Changes in tCBF, CVR and COD

Table 2 illustrates the total CBF (tCBF), CVR and COD of HD and healthy groups. HD patients had significantly higher tCBF compared with healthy subjects (P < 0.001, Bonferroni corrected). Although increased tCBF can help deliver more oxygen to brain, HD patients had significantly lower total COD compared with healthy subjects (P < 0.001, Bonferroni corrected) because of their severe anemia. There was no difference in CVR between HD patients and healthy controls (P = 0.79; Bonferroni corrected).

Table 2. One-way ANCOVA comparison of total cerebral blood flow, cerebral oxygen delivery, and cerebral vascular resistance between young adults with ESRD undergoing hemodialysis and healthy controls.

Variables tCBF Inline graphic COD Inline graphic CVR Inline graphic
ESRD patients 75.7 ± 18.1 10.0 ± 1.4 1.53 ± 0.37
Healthy controls 59.1 ± 9.7 11.5 ± 1.7 1.51 ± 0.26
ANCOVA F values 19.2 14.6 0.07
ANCOVA P values <0.001 <0.001 0.79

Note: ANCOVA P values were Bonferroni corrected.

ESRD = end-stage renal disese; tCBF = total cerebral blood flow; COD = cerebral oxygen delivery; CVR = cerebral vascular resistance.

Correlation results

There were strong relationships between tCBF, mean arterial pressure (MAP) and hemoglobin (Pearson correlation; all P < 0.001; Bonferroni corrected; Fig. 1A–C). Decreased COD was correlated with elevated MAP (Pearson correction; r = 0.368, P = 0.019; Bonferroni corrected; Fig. 1D). CVR was positively correlated with hemoglobin (Pearson correlation; r = 0.353, P = 0.028; Bonferroni corrected; Fig. 1E). Factoring out the contribution of MAP, CBF was negatively correlated with hemoglobin (Partial correlation; r = 0.743, P < 0.001; Bonferroni corrected; Fig. 2A). However, CBF was not related to MAP after controlling hemoglobin (Partial correlation; r = 0.0827, P > 1; Bonferroni corrected; Fig. 2B).

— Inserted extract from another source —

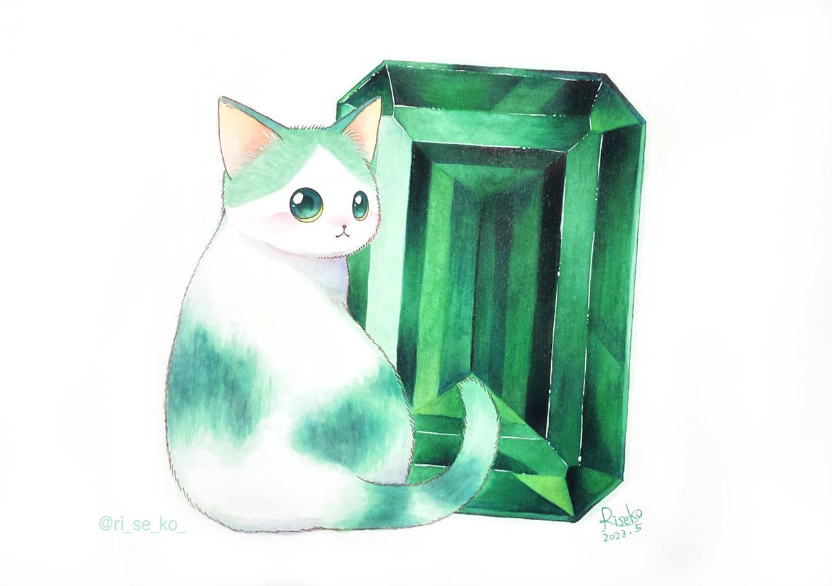 『猫と誕生石💎』 5月 エメラルド #コピック #アナログイラスト

Significant partial correlation was still observed between MAP and hemoglobin while controlling CBF (Partial correlation; r = 0.501, P < 0.001; Bonferroni corrected; Fig. 2C).

Figure 1. The Pearson cross correlations among cerebral brain flow, oxygen delivery, vascular resistance, hemoglobin and mean arterial pressure of young end-stage renal disease adults undergoing hemodialysis.

Figure 1

(A) Cerebral blood flow and mean arterial pressure; (B) Cerebral blood flow and hemoglobin; (C) Mean arterial pressure and hemoglobin; (D) Cerebral oxygen delivery and mean arterial pressure; (E) Cerebral vascular resistance and hemoglobin. Note: Correlation p values were Bonferroni corrected.

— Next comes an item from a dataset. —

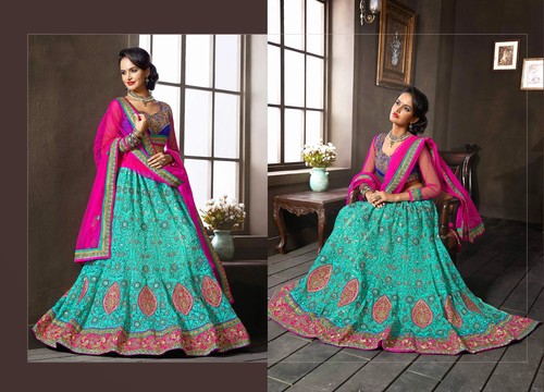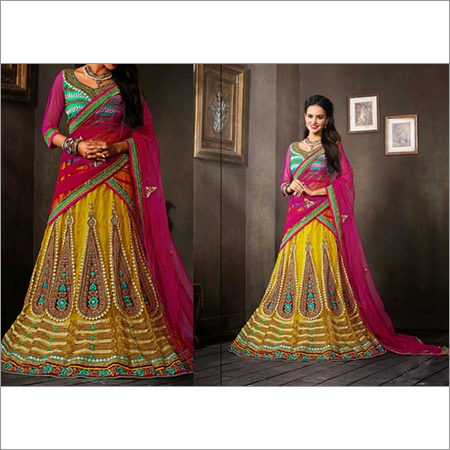 We are instrumental in trading a qualitative range of Beautiful Hand Work Designer Weddin including Pink &TurquoiseNet Lehenga Choli with Dupatta, Brown Tissue Circular Lehenga Choli with Dupatta, Maroon & Blue Net Lehenga Choli with Dupatta etc.

Figure 2. The partial correlations among cerebral blood flow, hemoglobin and mean arterial pressure.

Figure 2

(A) Cerebral blood flow and hemoglobin controlling mean arterial pressure; (B) Cerebral blood flow and mean arterial pressure controlling hemoglobin; (C) Hemoglobin and mean arterial pressure controlling cerebral blood flow. Note: Correlation p values were Bonferroni corrected.

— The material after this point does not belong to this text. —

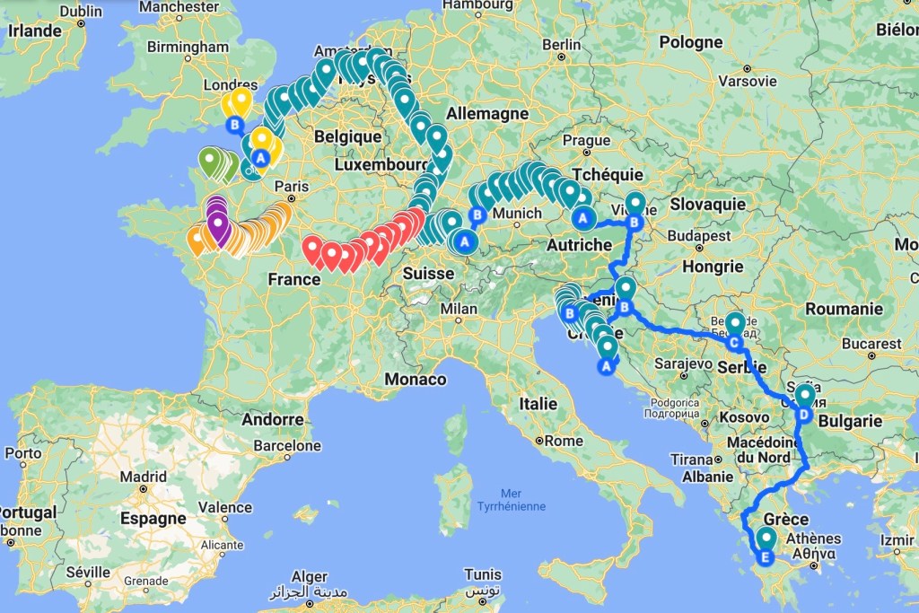 L’itinéraire se base sur les nombreuses EuroVélo routes qui sillonnent le continent européen.

Table 3 shows the blood flows, velocities and cross-sectional areas of four feeding arterials of HD and control groups. The blood flows of bilateral internal carotid arteries (ICAs) and right vertebral artery (VA) significantly increased in HD patients compared with controls (All P < 0.01, FDR corrected). The average flow velocity of HD patients significantly increased in bilateral VAs (Both P < 0.01, FDR corrected), but not in bilateral ICAs (Both P > 0.6, FDR corrected). The maximum, minimum and average cross-sectional areas of bilateral ICAs were significantly larger in HD patients compared with controls (All P < 0.05, FDR corrected), whereas the maximum, minimum and average cross-sectional areas of bilateral VAs were not different between two groups (All P > 0.4, FDR corrected). The total cross-sectional area of the four feeding arterials of HD patients was significantly greater than that of healthy subjects (P = 0.009, FDR corrected).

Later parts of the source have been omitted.